The report reaffirms the sodium AI for individuals ages 14-50, decreases the sodium AIs for children age 1-13, increases the sodium AIs for adults ages 51 and older, and decreases the potassium AIs for individuals age 1 and older. The report also uses guidance from a 2017 National Academies report to introduce the first DRI specific to chronic disease risk reduction.
Sodium and potassium are interrelated, essential nutrients that play vital functional roles in the body, including being important for nerve signal transmission, muscle contraction, and fluid balance. Both nutrients have been linked to risk of chronic disease, particularly cardiovascular disease, the report says. Possible associations between sodium intake with other adverse health outcomes have also been suggested. The physiological essentiality of sodium and potassium, in conjunction with their relationships to adverse health effects including chronic disease risk, called for a new approach to establishing DRIs.
The updated sodium AIs are 110 mg daily for infants 0-6 months; 370 mg daily for infants 7-12 months; 800 mg daily for children ages 1-3; 1,000 mg daily for ages 4-8; 1,200 mg daily for ages 9-13; and 1,500 mg daily for ages 14 and older. There remains limited evidence on sodium intakes below 1,500 mg per day for adults, which prevented the committee that conducted the study from considering further reductions in the sodium AI.
There is sufficient evidence to characterize the relationship between sodium intake and risk of chronic disease. Therefore, the committee established a Chronic Disease Risk Reduction Intake (CDRR) for sodium using evidence of the beneficial effect of reducing sodium intake on cardiovascular disease risk, hypertension risk, systolic blood pressure, and diastolic blood pressure. Reductions in intakes that exceed the sodium CDRR are expected to reduce chronic disease risk within the apparently healthy population. For individuals ages 14 and older, the CDRR recommendation is to reduce sodium intakes if above 2,300 mg per day. The committee also established a sodium CDRR for children ages 1-13. The effect of sodium intake on blood pressure that was used to inform the sodium tolerable upper intake level (UL) established in the 2005 DRI report is part of the evidence base that informed the CDRR.
Most U.S. and Canadian populations consume sodium above both the AI and CDRR values. There is no concern of sodium inadequacy in the population, the report says. Reducing sodium intake has a greater effect on adults with hypertension than on adults with normal blood pressure, but the benefits of reducing sodium intake toward the sodium CDRR or below apply to both groups.

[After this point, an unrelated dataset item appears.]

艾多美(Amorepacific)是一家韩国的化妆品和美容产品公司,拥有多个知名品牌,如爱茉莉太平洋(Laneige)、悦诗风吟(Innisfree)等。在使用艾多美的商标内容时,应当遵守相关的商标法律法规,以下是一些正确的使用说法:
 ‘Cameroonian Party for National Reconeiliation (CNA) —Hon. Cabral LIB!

The updated potassium AIs are 400 mg daily for infants 0-6 months; 860 mg daily for infants 7-12 months; 2,000 mg daily for children ages 1-3; and 2,300 mg daily for ages 4-8. The potassium AIs for other age groups range from 2,300 to 3,400 mg per day, based on sex and life-stage groups. The potassium AIs in this report are lower than those established in 2005. This difference is due, in part, to the expansion of the DRI model in which consideration of chronic disease risk reduction was separate from consideration of adequacy.

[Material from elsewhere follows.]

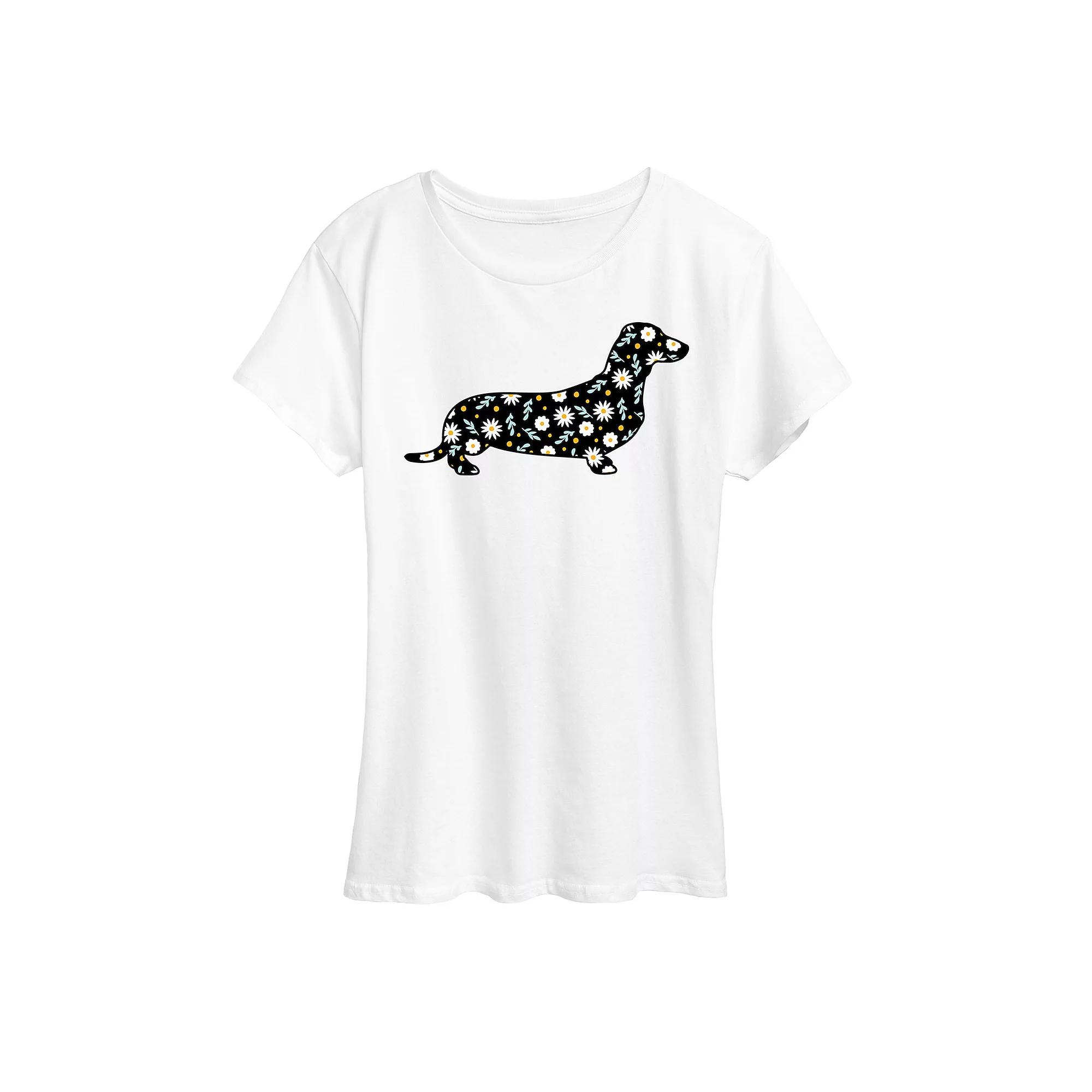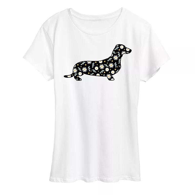 White Daisy-Fill Dachshund Graphic Tee - Women, Juniors, Plus & Petite Plus. Relaxed crewneck tee featuring breathable cotton fabric and a floral-print pup.Size S: 26 long from high point of shoulder to hemSize & fit: Relaxed-fit garment with a slightly longer hem. Fits true to size.100% cottonMachine wash; tumble dryImported, screen printed in the USA

This report reaffirms that there is insufficient evidence to establish a potassium UL for apparently healthy individuals. The absence of a potassium UL does not mean that there is no risk from excessive supplemental potassium intake, either overall or for segments of the population. Caution against high intake through supplemental potassium is warranted for certain population groups, particularly those with or at high risk for compromised kidney function.
Despite moderately strong evidence that potassium supplementation reduces blood pressure, particularly among adults with hypertension, a potassium CDRR cannot be established because of unexplained inconsistencies in the body of evidence, a lack of intake-response relationship, and limited evidence for relationships between potassium intake and chronic disease risk. The lack of a potassium CDRR does not necessarily mean a lack of an effect of potassium intake on chronic disease risk, the report says, but rather a lack of evidence to characterize the effect.
The committee identified a number of research needs that would help inform future potassium and sodium DRIs, such as additional research on the interrelationship between potassium and sodium intakes. In addition, with the vast majority of U.S. and Canadian populations consuming sodium at levels above the CDRRs, opportunities exist to find solutions to reduce population sodium intakes.